__Records from a data collection__
%%
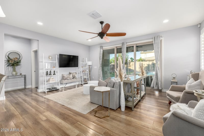 Listing details for 10052 Foothill Dr, Peoria, AZ 85383 : Welcome to this beautifully designed 3 bed, 2 bath home in the sought-after Meadows of Peoria, perfectly situated on a private cul-de-sac lot with no neighbor on one side and adjacent to a greenbelt and walking path. The split floor plan features two bedrooms and a full bath up front, opening into a bright great room ideal for entertaining. The modern kitchen offers white cabinets, quartz countertops, and an oversized island, plus a large laundry room with ample storage. The spacious primary suite includes dual vanities and a walk-in shower. Enjoy a backyard oasis with travertine decking, pool, and turf. Includes paid off owned solar! Community center features pool, spa, parks, and pickleball courts. This is one you won't want to miss!
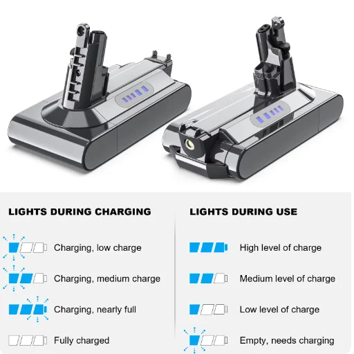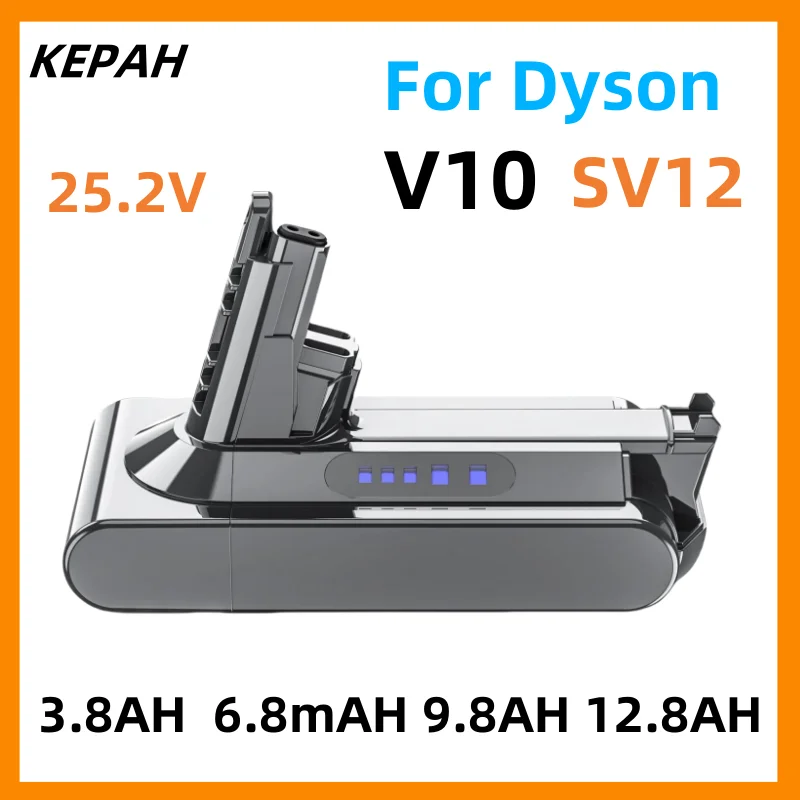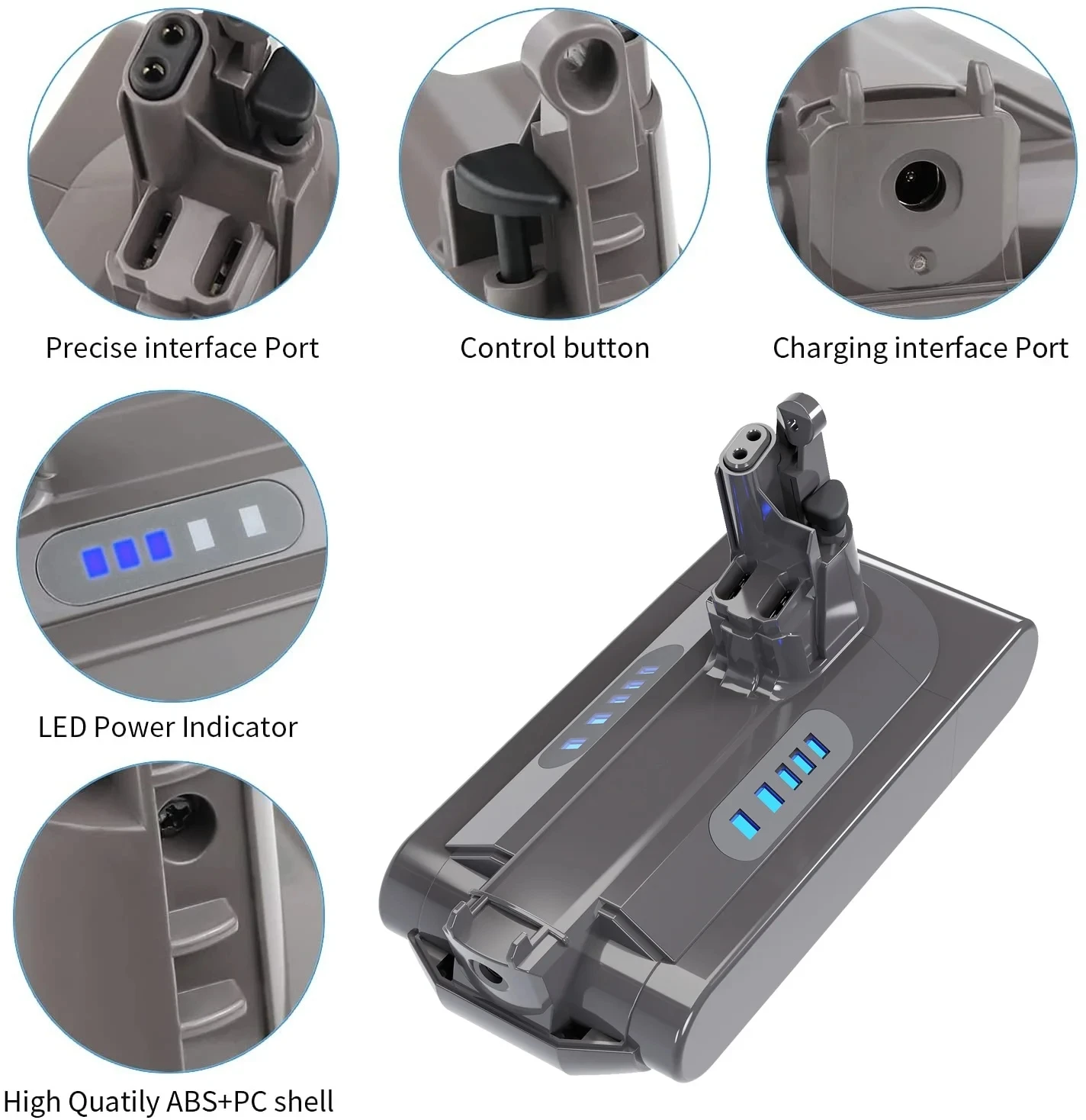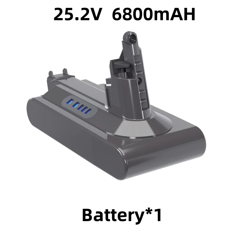 e V10 6 8Ah 더 높은 용량 용량 6000mAh / 충전식 이온 / 전압 25 2V V10용 배터리는 V10급속 충전기로 약 2 8시간 동안 충전 진공청소기 최대 모드 3분 일반 모드 30분 메모리 효과가 없습니다 진공청소기가 더 오래 작동 있는 고용량입니다
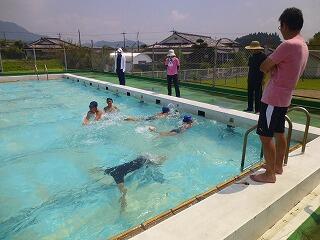 7月27日の串間市水泳記録会に向けて、3日間の強化練習が行われました。出場する児童は、自分が出る種目を中心に練習をしました。また、出場しない児童も、少しでも長く泳げるよう、練習に励んでいました。
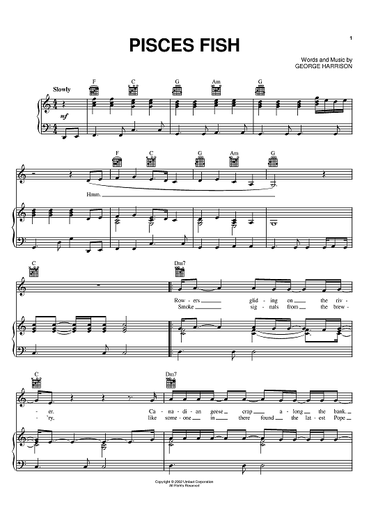 Digital Sheet Music for Pisces Fish by George Harrison scored for Piano/Vocal/Chords; id:372637
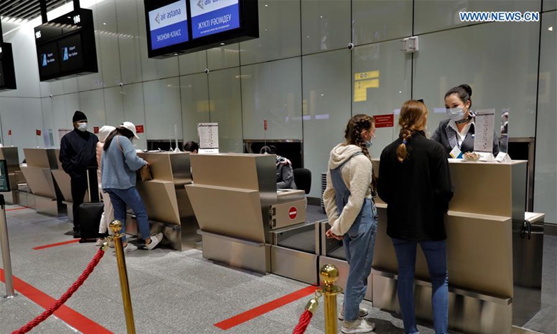 Passengers check in at Nursultan Nazarbayev International Airport in Nur-Sultan, Kazakhstan, Aug. 18, 2020. Kazakhstan has begun resuming flights to the United Arab Emirates, Belarus and Germany, among other nations, local media reported. According to Nursultan Nazarbayev International Airport, a plane from the country's capital to the German city of Frankfurt took off on early Tuesday morning with 94 passengers on board, becoming the first direct flight between Kazakhstan and Germany since March. (Photo by Kalizhan Ospanov/Xinhua)
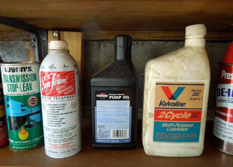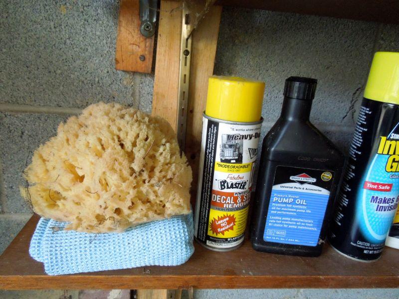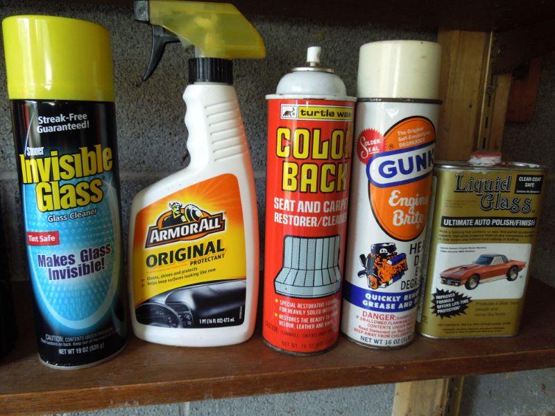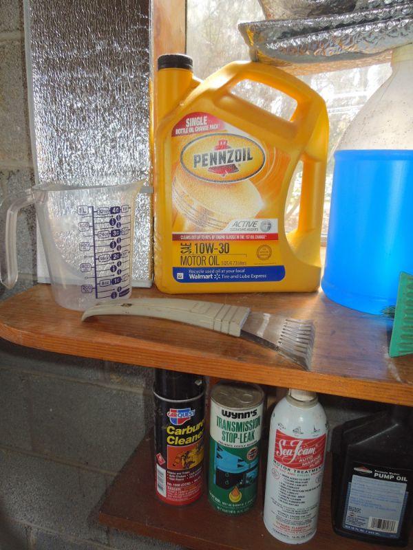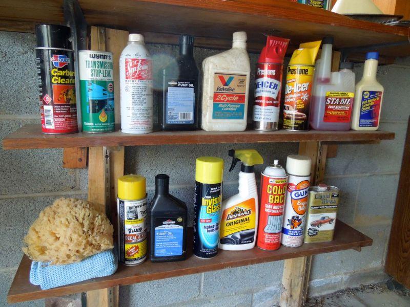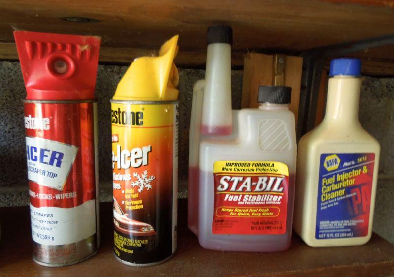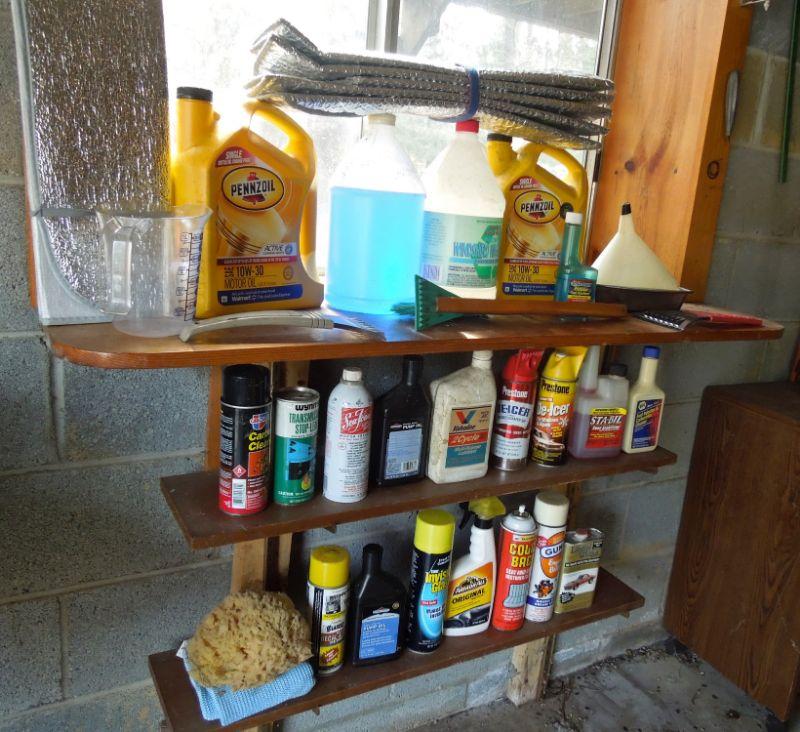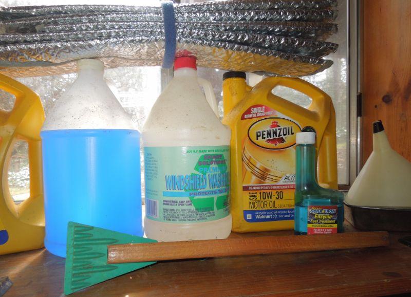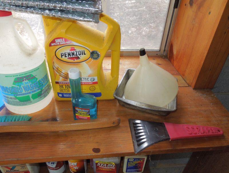 2 folding sunvisors screens; 2 windshield scrapers; a funnel and a measuring cup and drip pan; 8 qts 10w30 Pennzoil motor oil; a natural sponge and microtowel- plus all the other fluids in photos. All are at least 1/2 full. Many are full.
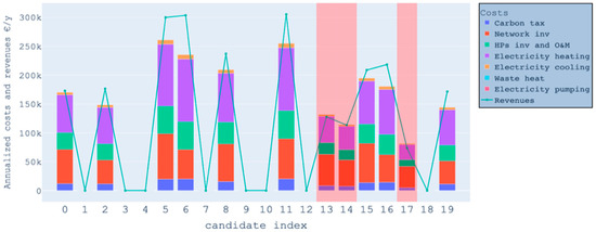 The model calculates the NPV of the remaining loads, including SBs, in the third iteration. All feasible loads are served by the NT-DHC system with 15 MW thermal capacity. Zones in the southern part of the FU are not connected to the network (Figure 8) and can use reversible A/W HPs at a lower cost than the NT-DHC solution (Figure 9). The process concludes if a better scenario cannot be reached compared to the BaU case or if the NT-DHC fully serves the FU. The expansion pathways for the NT-DHC system are shown in Figure 10.
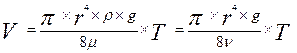 Для выражения динамической (кинематической) вязкости может быть использована формула, для определения расхода ламинарного течения вязкой жидкости в горизонтальной трубе, происходящего под действием силы тяжести.
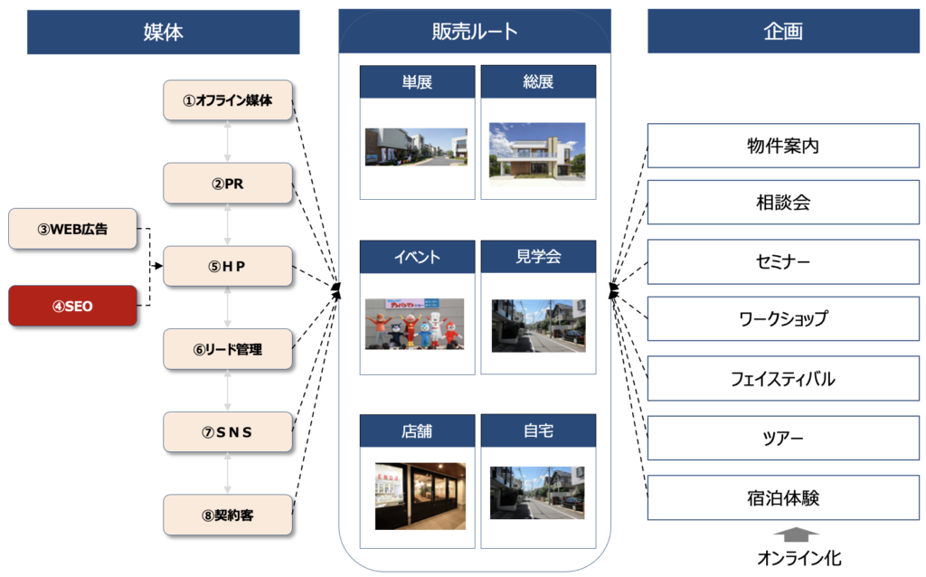 まず、住宅業界の集客構造の中で、SEOがどのように位置づけられるかを触れてみたいと思います。下の図をご覧ください。
%%
__Task brief__
In the records above, find the line containing "Digital Sheet Music" and the line containing "Passengers check in", then give both of them again word for word along with every line between. Omit any pictures.

__Result for this exercise__
 Digital Sheet Music for Pisces Fish by George Harrison scored for Piano/Vocal/Chords; id:372637
 Passengers check in at Nursultan Nazarbayev International Airport in Nur-Sultan, Kazakhstan, Aug. 18, 2020. Kazakhstan has begun resuming flights to the United Arab Emirates, Belarus and Germany, among other nations, local media reported. According to Nursultan Nazarbayev International Airport, a plane from the country's capital to the German city of Frankfurt took off on early Tuesday morning with 94 passengers on board, becoming the first direct flight between Kazakhstan and Germany since March. (Photo by Kalizhan Ospanov/Xinhua)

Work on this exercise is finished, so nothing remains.